If you want a truly great technician to leave their current employer and come work for you, an increase in pay and benefits will be a key part of that conversation. So why should your internal staff be any different? If you want the best team answering your phones then be prepared to pay for the privilege. I’m not talking about payroll to the detriment of your bottom line, but rather getting realistic about the caliber of human being you have on the receiving end of all that marketing spend. The BEST people will not settle for average compensation.
And if you’re going to pay more, you can demand more as well. We hire these people for their attitude above all else, and we should demand a good one every day. Just as your technicians are expected to bring their knowledge and equipment to work, our internal staff should bring their tools as well.
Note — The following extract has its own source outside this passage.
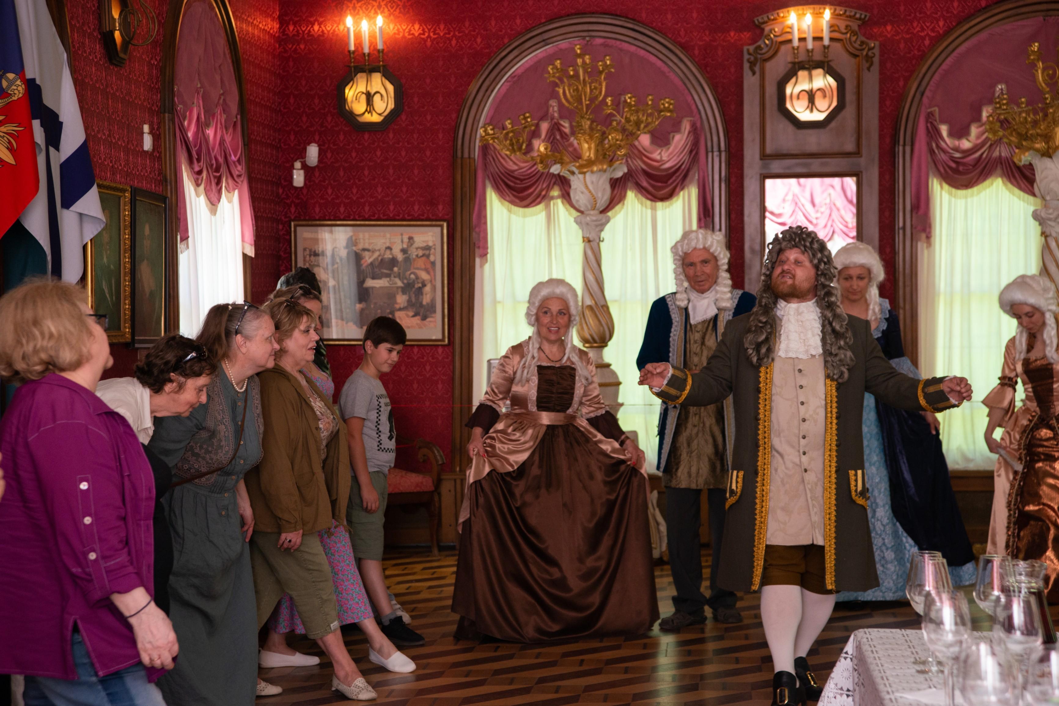 Роскошный интерьер начала XVIII века, великолепные костюмы прекрасных дам и галантных кавалеров, волшебные звуки менуэта перенесут гостей в эпоху Петра Великого.

When they show up for the interview they are usually well-dressed and in a great mood. If they aren’t, then don’t hire them. If they are, bring those facts up as a continuing condition of employment.
I’ll give you an example, but first let’s set the stage: I have decided that I will pay the highest wages for answering the phones in my market to make sure I hire only the best people. I will have already conducted the first interview over the phone to make sure that this potential coworker can become the voice of my company. Once they pass that test I will invite them in for a face-to-face interview. At some point during that meeting, I will bring up some version of the following:
“I think you would make a great addition to our team, but I have a couple nonnegotiable conditions we need to discuss first. You arrived today on time, looking professional, and in a good mood. Those three things, above all else, are why I would hire you. Any day you show up any different I will have to consider the possibility of finding someone else. We all have things happening in our personal lives, but you are being hired for your great attitude, so I will accept nothing else. Do you think you can consistently live up to what you have shown me today?”
There are lots of different ways to convey those sentiments, but you get the idea. If we want to have the best team we are going to need to make changes in the form of better pay and better people.